== About this exercise ==
An exact restatement of the data is required, with the images omitted.

== Dataset excerpt ==

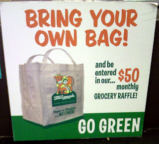 Stew Leonard’s is now promoting reusable bags. I saw it tonight when we went there.
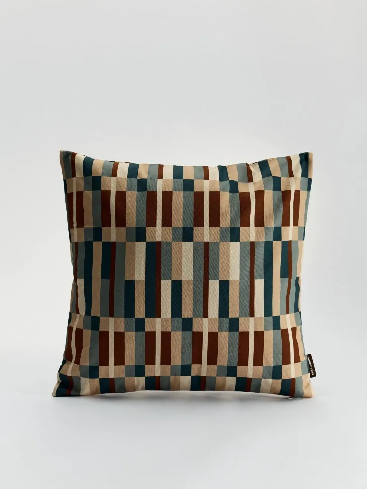 Откройте для себя идеальный способ обновить ваш интерьер с нашим чехлом для декоративной подушки из высококачественного хлопка. Этот аксессуар не просто добавит уюта, но и станет ярким акцентом в любой комнате. Благодаря уникальному геометрическому принту в современных оттенках бежевого, коричневого и сине-зеленого, он легко впишется как в классический, так и в более современный дизайн.
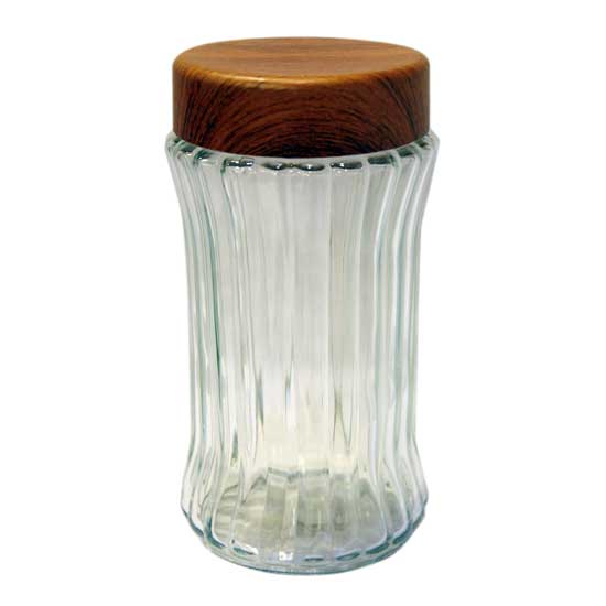 The glass bottle features a brown lid on top. Its transparent body comes with a ribbed design. This bottle is completed with a 2 liter design.
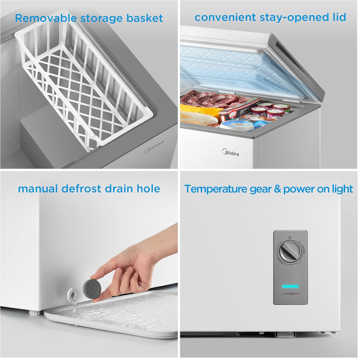 Power Outage Protection Keeps items frozen for up to 48 hours after losing power.

== Exercise result ==
 Stew Leonard’s is now promoting reusable bags. I saw it tonight when we went there.
 Откройте для себя идеальный способ обновить ваш интерьер с нашим чехлом для декоративной подушки из высококачественного хлопка. Этот аксессуар не просто добавит уюта, но и станет ярким акцентом в любой комнате. Благодаря уникальному геометрическому принту в современных оттенках бежевого, коричневого и сине-зеленого, он легко впишется как в классический, так и в более современный дизайн.
 The glass bottle features a brown lid on top. Its transparent body comes with a ribbed design. This bottle is completed with a 2 liter design.
 Power Outage Protection Keeps items frozen for up to 48 hours after losing power.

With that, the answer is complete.